Sondern:Wann schaffe ich meine Trainingseinheit trotz der Termine?“ 

Du machst dir Gedanken darüber, wie du tatsächlich dein Training und deine Ernährung alltagstauglich umsetzen kannst. Und dein Fitnessziel? Das ist nice to have, aber nicht entscheidend.

Fazit: Werde vom Ziel-Verfolger zum Prozess-Meister

Fitnessziele sind kein Garant für Erfolg

Fitnessziele sind kein Garant für Erfolg – oft sind sie sogar die größte Hürde. Sie suggerieren uns Kontrolle über unsere Biologie, die wir nicht haben, verstricken uns in frustrierenden Details und lassen uns in einem permanenten Gefühl des Mangels zurück.

Der stoische Ausweg ist so simpel wie befreiend: Hör auf, dein Glück von einer Zahl auf der Waage oder einem Datum im Kalender abhängig zu machen. Dein Körper ist kein Projekt, das man „abschließt“, sondern dein lebenslanger Begleiter.

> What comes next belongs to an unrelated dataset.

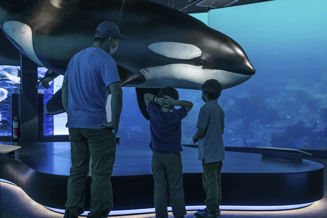 La exposición ORCAS: Nuestro futuro compartido ofrece una experiencia inmersiva única que transporta a los visitantes al fascinante mundo de las orcas. Diseñada como una instalación internacional y temporal, esta muestra itinerante se destaca por su enfoque multisensorial, combinando esculturas a tamaño real de estos impresionantes mamíferos marinos, iluminación ambiental y sonido envolvente para crear una experiencia que supera las exhibiciones convencionales.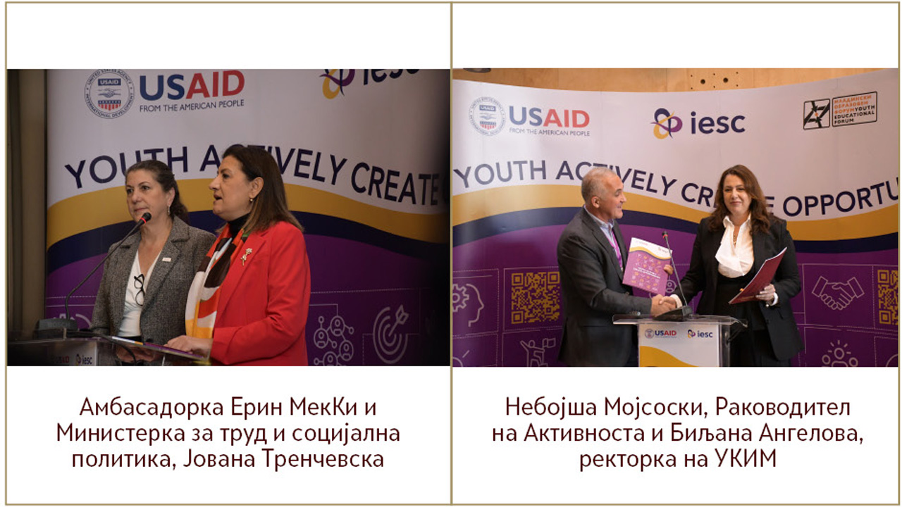 Денес, УСАИД официјално ја започна новата Активност фокусирана на младите чијашто цел е поврзување на младите со можностите коишто им се потребни за да бидат конкурентни во денешната економија. Петгодишната Активност на УСАИД за млади кои активно создаваат можности, којашто е со вредност од 7 милиони долари, има за цел да го зголеми придонесот на младите кон општеството и ќе работи со 10.000 млади лица во земјава на возраст од 16 до 35 години. Активноста има три суштински цели: воспоставување партнерства за привлечни економски можности за младите, јакнење на вештините на младите за успешна кариера и промовирање вредности како одговорност, етика и граѓанско учество.

Wenn du den Fokus von der Ziellinie auf den nächsten Schritt verlagerst, passiert etwas Magisches: Der Druck verschwindet. Du beginnst, Entscheidungen zu treffen, die gut für dich sind – nicht weil du musst, sondern weil es deinem Wesen entspricht.

Deine stoische Challenge für heute: Vergiss für einen Moment dein großes Ziel. Frage dich stattdessen: „Was ist die eine Sache, die ich heute für meinen Körper tun kann, die sich gut anfühlt und die ich auch in zehn Jahren noch tun möchte?“ Genau dort beginnt wahre Fitness.